Only one stretch of the data should be retyped: the lines from the line containing "Пена Taft Блеск" through the line containing "This style is". Keep pictures out of it.

==== Records to process

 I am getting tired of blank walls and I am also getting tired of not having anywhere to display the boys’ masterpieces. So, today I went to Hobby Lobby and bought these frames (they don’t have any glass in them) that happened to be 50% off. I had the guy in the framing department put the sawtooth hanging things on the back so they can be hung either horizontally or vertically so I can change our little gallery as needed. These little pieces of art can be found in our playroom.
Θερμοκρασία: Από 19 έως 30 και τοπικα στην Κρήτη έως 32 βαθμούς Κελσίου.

========
==== Records to process

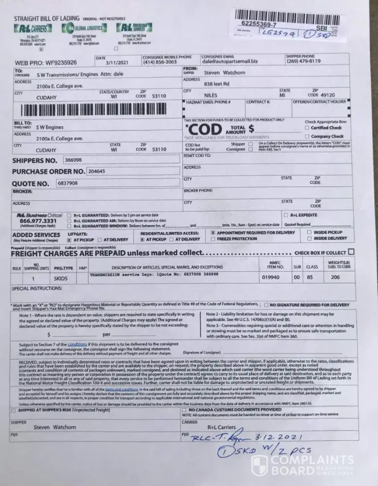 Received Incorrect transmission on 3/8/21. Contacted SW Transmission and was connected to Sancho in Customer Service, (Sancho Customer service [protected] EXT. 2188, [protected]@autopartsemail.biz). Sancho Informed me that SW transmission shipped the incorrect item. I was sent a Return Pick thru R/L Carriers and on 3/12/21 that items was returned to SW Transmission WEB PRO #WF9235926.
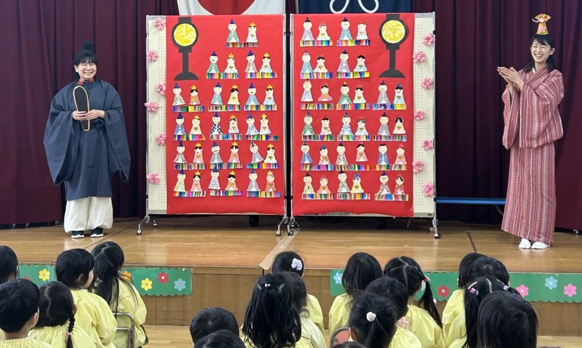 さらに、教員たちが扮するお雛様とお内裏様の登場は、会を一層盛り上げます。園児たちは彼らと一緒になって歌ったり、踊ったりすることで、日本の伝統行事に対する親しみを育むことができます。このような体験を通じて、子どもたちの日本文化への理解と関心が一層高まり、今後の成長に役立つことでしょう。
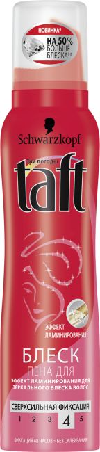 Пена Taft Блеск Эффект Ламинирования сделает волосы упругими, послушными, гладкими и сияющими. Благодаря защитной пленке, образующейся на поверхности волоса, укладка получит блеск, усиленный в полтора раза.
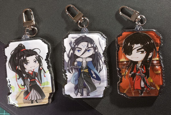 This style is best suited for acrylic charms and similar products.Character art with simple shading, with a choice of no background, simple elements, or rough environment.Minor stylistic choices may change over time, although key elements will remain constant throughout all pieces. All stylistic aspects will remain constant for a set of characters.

========

Written answer
 Пена Taft Блеск Эффект Ламинирования сделает волосы упругими, послушными, гладкими и сияющими. Благодаря защитной пленке, образующейся на поверхности волоса, укладка получит блеск, усиленный в полтора раза.
 This style is best suited for acrylic charms and similar products.Character art with simple shading, with a choice of no background, simple elements, or rough environment.Minor stylistic choices may change over time, although key elements will remain constant throughout all pieces. All stylistic aspects will remain constant for a set of characters.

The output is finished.